Carbapeneme sind potente β-Lactam-Antibiotika, die zur Behandlung schwerer Infektionen im Krankenhaus eingesetzt werden. Im Vergleich zu Penicillinen, Cephalosporinen oder β-Lactam / β-Lactamase-Inhibitoren weisen sie ein breites antimikrobielles Spektrum auf, das grampositive (z. B. Imipenem, Doripenem) und gramnegative Bakterien (z. B. Meropenem, Ertapenem) umfasst. Imipenem und Meropenem haben eine bessere Aktivität gegen P. Aeruginosa, während Imipenem und Doripenem eine bessere Aktivität als Meropenem gegen Acinetobacter baumannii aufweisen.
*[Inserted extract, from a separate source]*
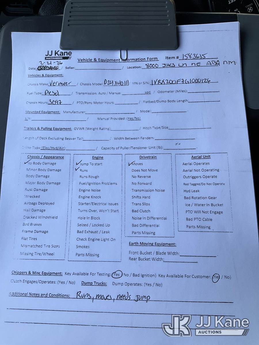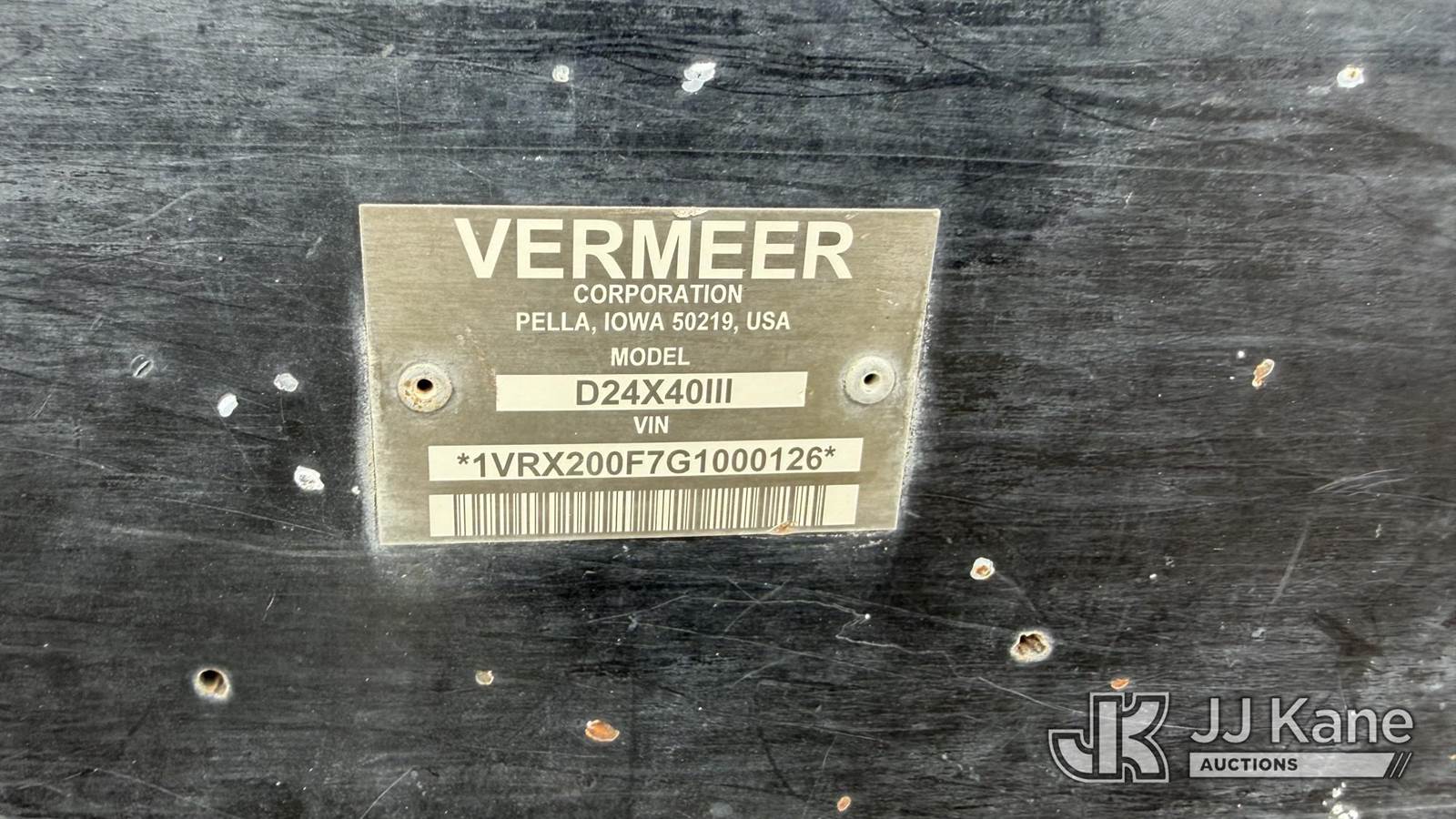 2016 Vermeer Corporation D24x40III Directional Boring Machine, s/n 1VRX200F7G1000126, diesel, Hydrostatic, with hyd. stakes, riding console, steel tracks, drill steel, (Runs & Moves) (Jump To Start) (Reads 3,097 hours) NOTE: This unit is being sold AS IS/WHERE IS via Timed Auction and is located in Albuquerque, NM. Inspection & preview days for this unit are by appointment only; please contact us at contact@jjkane.com or 84-Go-JJKane for more details. (Buyer is responsible for removal. Assistance by consignor or JJ Kane Auctions is not assured.)

Doripenem hat die niedrigste MHK gegen P. aeruginosa und A. baumannii im Vergleich zu Imipenem und Meropenem, und es ist am wenigsten anfällig für Hydrolyse durch Carbapenemasen.

Um auf PBPs zu wirken, müssen Carbapeneme durch äußere Membranproteine (Porine) in die Wand gramnegativer Bakterien eindringen. Sie binden an verschiedene PBPs und hemmen die Synthese der Zellwand, was schließlich zum Tod des Bakteriums führt .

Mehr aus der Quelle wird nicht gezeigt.